When McLaughlin was processing the transition and preparing for her swearing-in there are some Hopewell Township projects that remained very close to her heart and hard to turn over to the next incredibly capable set of people, she said.

“We worked really hard to repopulate the Bristol-Myers Squibb facility. The process is part of the way through, but not all of the way through. That is something really important to the people of Hopewell Township and frankly, now the people of Mercer County,” McLaughlin said. “Although it is in Hopewell Township it does affect the county tax base. I am hoping that I do not have to completely disengage, but some of that I will.”

Another project is the planning and development of a new Hopewell Valley Senior and Community Center.

“The county does have dollars in play. We have two grants from Mercer County. I am really hopeful that folks here will let me stay engaged on that,” McLaughlin said. “This is something I really care about and know will be useful to not only the people of Hopewell Township and Hopewell Valley, but attract other people, too.”

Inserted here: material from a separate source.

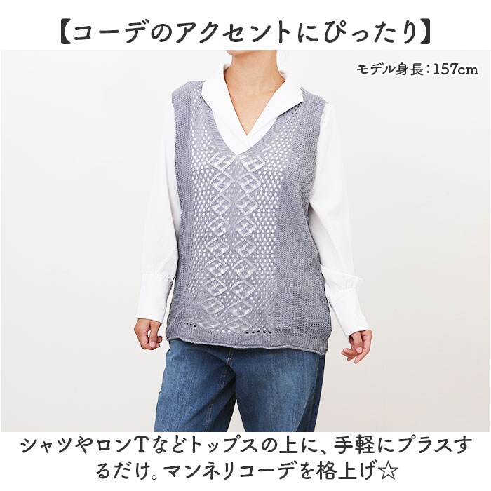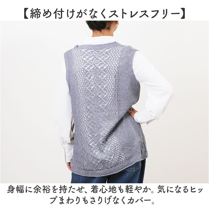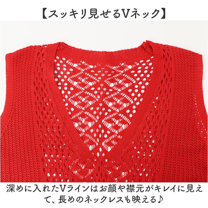 | 商品説明 | 【1枚プラスでこなれ感アップ】コーデの幅が広がる♪おしゃれにレイヤードできる「ニットベスト」。【コーデのアクセントにぴったり】シャツやロンTなどトップスの上に、手軽にプラスするだけ。マンネリコーデを格上げ☆【どんなスタイルも素敵にマッチ】シンプルで落ち着いたワンカラー仕上げ。重い印象を与えない、透かし編みデザイン。【スッキリ見せるVネック】深めに入れたVラインはお顔や襟元がキレイに見えて、長めのネックレスも映える♪【締め付けがなくストレスフリー】身幅に余裕を持たせ、着心地も軽やか。気になるヒップまわりもさりげなくカバー。【お気に入りを選べるカラー】コーデに馴染みやすいカラーや差し色をラインナップ。オン・オフ問わず重宝◎ |

Affordable housing and the plan to dredge Hiohela pond are some additional items that are not quite finished that she is proud to have been a part of. She added she also wants to highlight Hopewell Township’s resiliency during the coronavirus pandemic, especially the first year in 2020.

“The job is never finished, but I feel good about the part I got to play for what we did over the last five years,” she said. “I am confident that the team that is in place will very capably manage whatever else is left and the challenges that will come.”

McLaughlin said she seriously started thinking about a run to serve on the County Commissioners following a transition to her role as a member of the Township Committee after her time as mayor in 2020.

“I realized that I had a lot of ideas and energy to serve a broader group of people. So much of what goes on in Hopewell Township is affected by what goes on in the rest of the county,” she said. “I was ready to look at government and service to people from a different perspective. The county just has so many resources and the ability to really impact so many more people’s daily lives.”

McLaughlin said she is thrilled to be able to join the Board of County Commissioners.

“They know their stuff, they are hard working, they are dedicated and I think it will be a lot of fun and is an honor to join them,” she said.

McLaughlin becoming commissioner left her seat vacant on the Township Committee. Members of the Township Committee unanimously voted to appointed David Chait to fill her unexpired term ending in late December 2022 on Jan. 10.